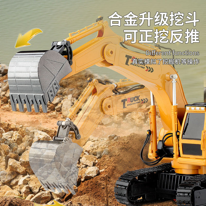 Металлический экскаватор для мальчиков, реалистичная игрушечная машина, электрический транспорт, дистанционное управление
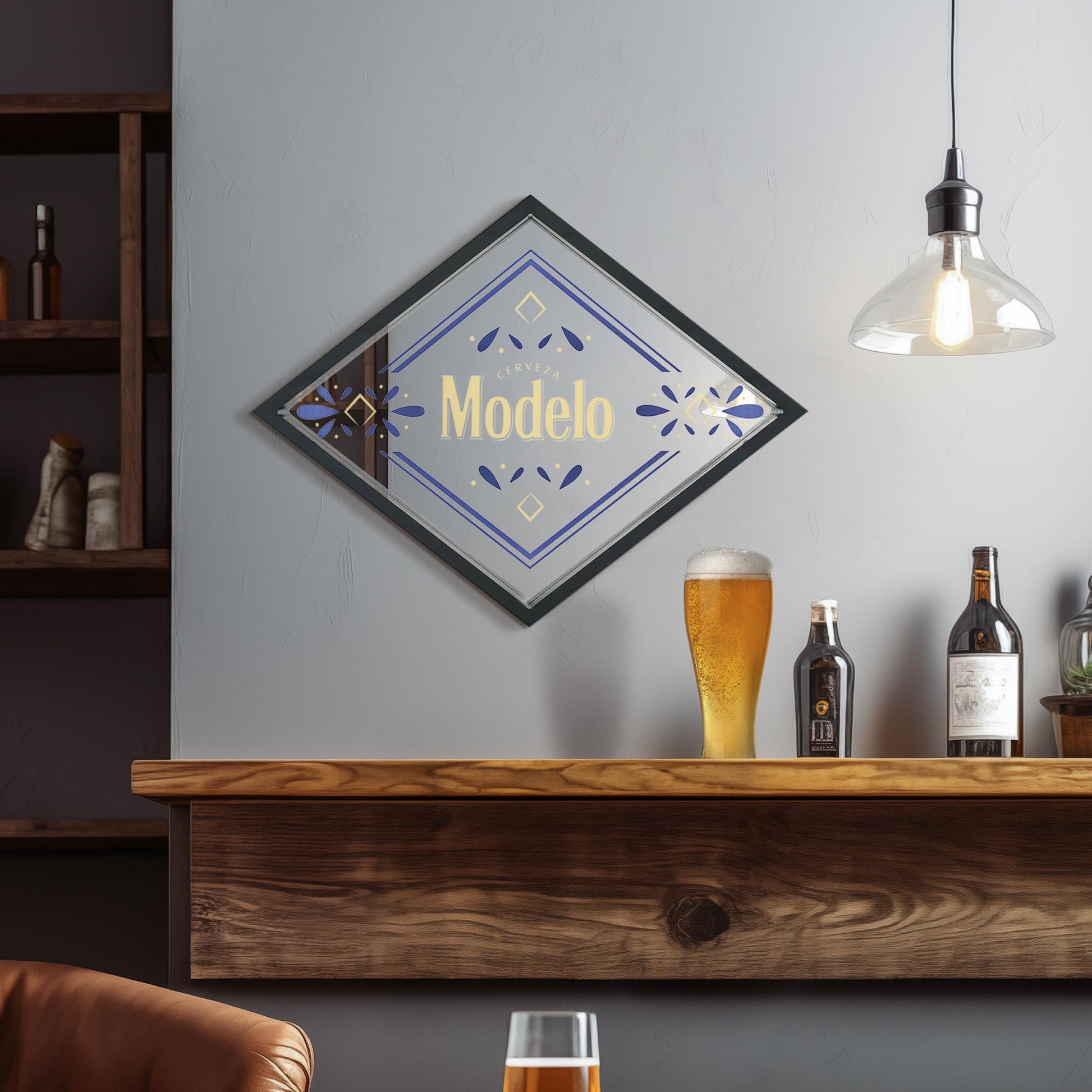 Discover the epitome of sophistication with the Modelo Printed Framed Mirror. This exquisite piece redefines the aesthetic of high-end home bars, blending the distinguished Modelo brand with unparalleled elegance. It's not just a mirror; it's a statement of discerning taste and an anchor of luxury in any space.
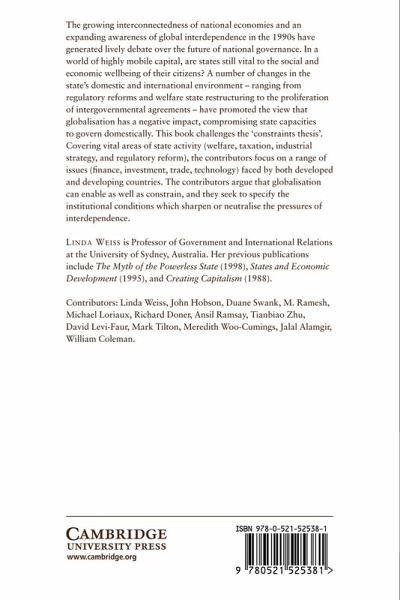 The growing interconnectedness of national economies and an expanding awareness of global interdependence in the 1990s have generated lively debate over the future of national governance. In a world of mobile capital, are states vital to the social and economic wellbeing of their citizens? A number of changes in the state's domestic and international environment - ranging from regulatory reforms and welfare state restructuring to the proliferation of intergovernmental agreements - have promoted the view that globalisation has a negative impact, compromising state capacities to govern domestically. This book challenges the 'constraints thesis'. Covering vital areas of state activity (welfare, taxation, industrial strategy, and regulatory reform), the contributors focus on a range of issues (finance, trade, technology) faced by both developed and developing countries. The contributors argue that globalisation can enable as well as constrain, and they seek to specify the institutional conditions which sharpen or neutralise the pressures of interdependence.
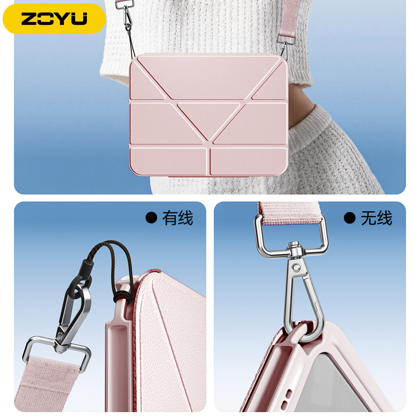 iPadair8保护套斜挎挂绳air7滑轨抽拉拆分654透明苹果ipadpro保护壳横竖3 肩带防摔弯 y折支架11寸平板可背式

■ What to produce ■
Working from the listing above, retype it exactly but include no images.

■ Your response ■
 Металлический экскаватор для мальчиков, реалистичная игрушечная машина, электрический транспорт, дистанционное управление
 Discover the epitome of sophistication with the Modelo Printed Framed Mirror. This exquisite piece redefines the aesthetic of high-end home bars, blending the distinguished Modelo brand with unparalleled elegance. It's not just a mirror; it's a statement of discerning taste and an anchor of luxury in any space.
 The growing interconnectedness of national economies and an expanding awareness of global interdependence in the 1990s have generated lively debate over the future of national governance. In a world of mobile capital, are states vital to the social and economic wellbeing of their citizens? A number of changes in the state's domestic and international environment - ranging from regulatory reforms and welfare state restructuring to the proliferation of intergovernmental agreements - have promoted the view that globalisation has a negative impact, compromising state capacities to govern domestically. This book challenges the 'constraints thesis'. Covering vital areas of state activity (welfare, taxation, industrial strategy, and regulatory reform), the contributors focus on a range of issues (finance, trade, technology) faced by both developed and developing countries. The contributors argue that globalisation can enable as well as constrain, and they seek to specify the institutional conditions which sharpen or neutralise the pressures of interdependence.
 iPadair8保护套斜挎挂绳air7滑轨抽拉拆分654透明苹果ipadpro保护壳横竖3 肩带防摔弯 y折支架11寸平板可背式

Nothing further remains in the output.